Well, you know what's worse?

When some of those  same people, who are in fact _experienced and knowledgeable_, and who on other threads _did _contribute a lot to this forum ...got fed up and left, or perhaps were banned for occasional indiscretions typed in the heat of an argument.

And... have you noticed how dull and dead it is around here lately? I'm actually beginning to miss LFJ and KPM going at it. What happened with those guys anyway? 

...And what's it going to take to get this forum going again??? Your thoughts please.


----------



## guy c (Apr 14, 2017)

KPM got banned for swearing. I think LFJ just got sick of this place (it is very dull). They are posting at kung fu magazine at the moment, but unlikley to last very long because KPM still conducting his silly vendetta.

Suggestions to recover your forum would be to reduce moderation, be less PC (much less), stop engaging in us against them type politics, be less touchy and sensitive, don't repel people who know what they are talking about while supporting idiots with nothing valuable to say, don't mandate a relativist view of every topic. 

Good luck with it


----------



## geezer (Apr 14, 2017)

guy c said:


> *KPM got banned for swearing.* I think LFJ just got sick of this place (it is very dull). They are posting at kung fu magazine at the moment, but unlikly to last very long because KPM still conducting his silly vendetta.



I figured that KPM probably got himself in trouble for swearing and LFJ drifted away without his nemesis to confront. What about you Guy? Why did _you_ get banned? 

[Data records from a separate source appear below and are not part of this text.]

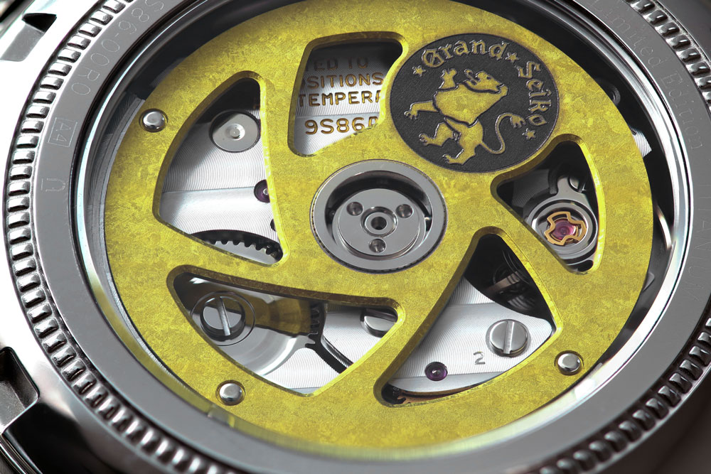The movement’s oscillating weight features the Grand Seiko lion emblem, and it is finished in a gold tone that is achieved through an anodic oxidation process. This is when the titanium is subjected to electrolysis, which generates an oxide film. The color itself is determined according to the light refraction index, and it can be changed by adjusting the thickness of the oxide film.
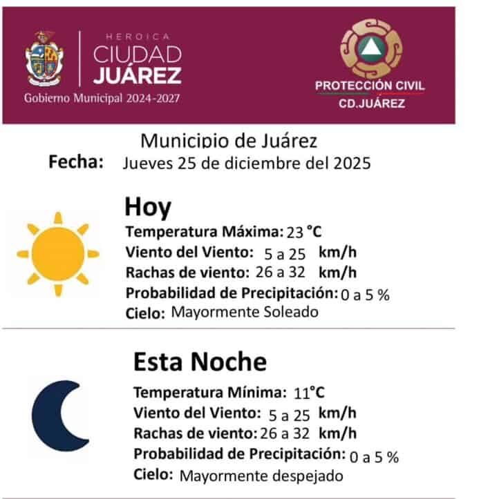 Ciudad Juarez Chih.- La Dirección General de Protección Civil informó que este jueves 25 de diciembre se espera un clima mayormente soleado en el municipio de Juárez, con una temperatura máxima de 23 grados centígrados. Durante el día, el viento se presentará con velocidades de entre 5 y 25 kilómetros por hora, con rachas que podrían alcanzar de 26 a 32 kilómetros por hora, mientras que la probabilidad de precipitación se mantiene baja, entre 0 y 5 por ciento.
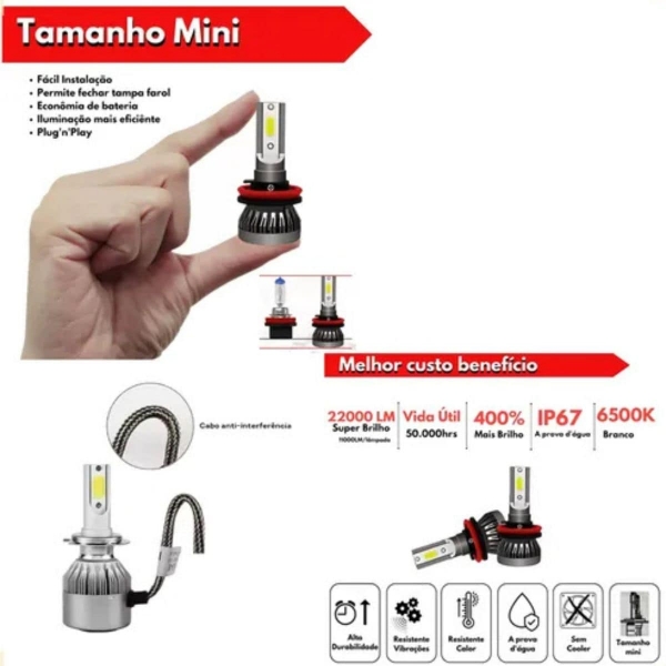 Tecnologia Super LED: Potência de 20.000 lúmens no par, com luz branca intensa de 6500K, que melhora a visibilidade e o design do seu carro, além de economizar energia da bateria.
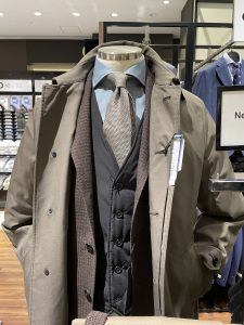 三つ釦チェスターのデザインでジャケットスタイルだけでなく、スーツとの相性も良いのでオンオフ兼用できます👍
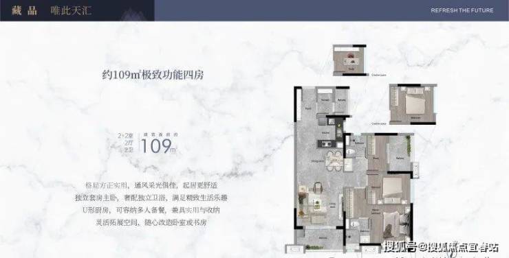 建面109平四房,户型方正,比较中规中矩,U型厨房,可容纳多人备餐,还带独立主套。
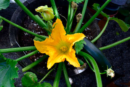 The zucchini plant with yellow flowers, grow in the ground and make that land a nice place
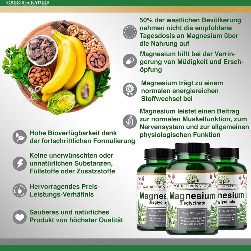 - 100% natural product: magnesium is an essential mineral that is naturally found in vegetables such as spinach, nuts and seeds. It plays an important role in more than 300 enzymatic processes that regulate countless biochemical functions throughout the body, and is an essential cofactor. Recent studies show that 50% of the western population does not absorb enough magnesium through food
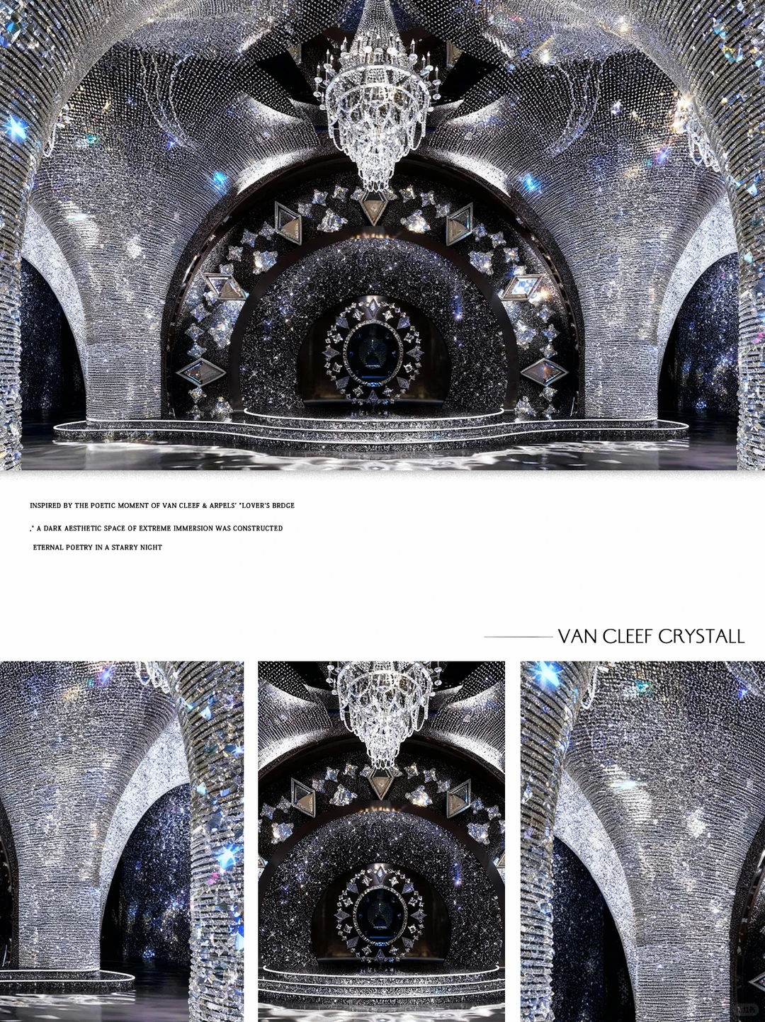 梵克雅宝钻石系列为核心元素,打造 “水晶时光拱门”

...and why do you keep coming back on new accounts when you know you'll just get booted again? At least this time you did use your own name instead of masquerading as some Dutchman or something!


----------



## guy c (Apr 14, 2017)

I got banned for using 2 guy b accounts I think. It's hard to know because they send a message saying you have been banned but unreadable because banned. Not very well organised. 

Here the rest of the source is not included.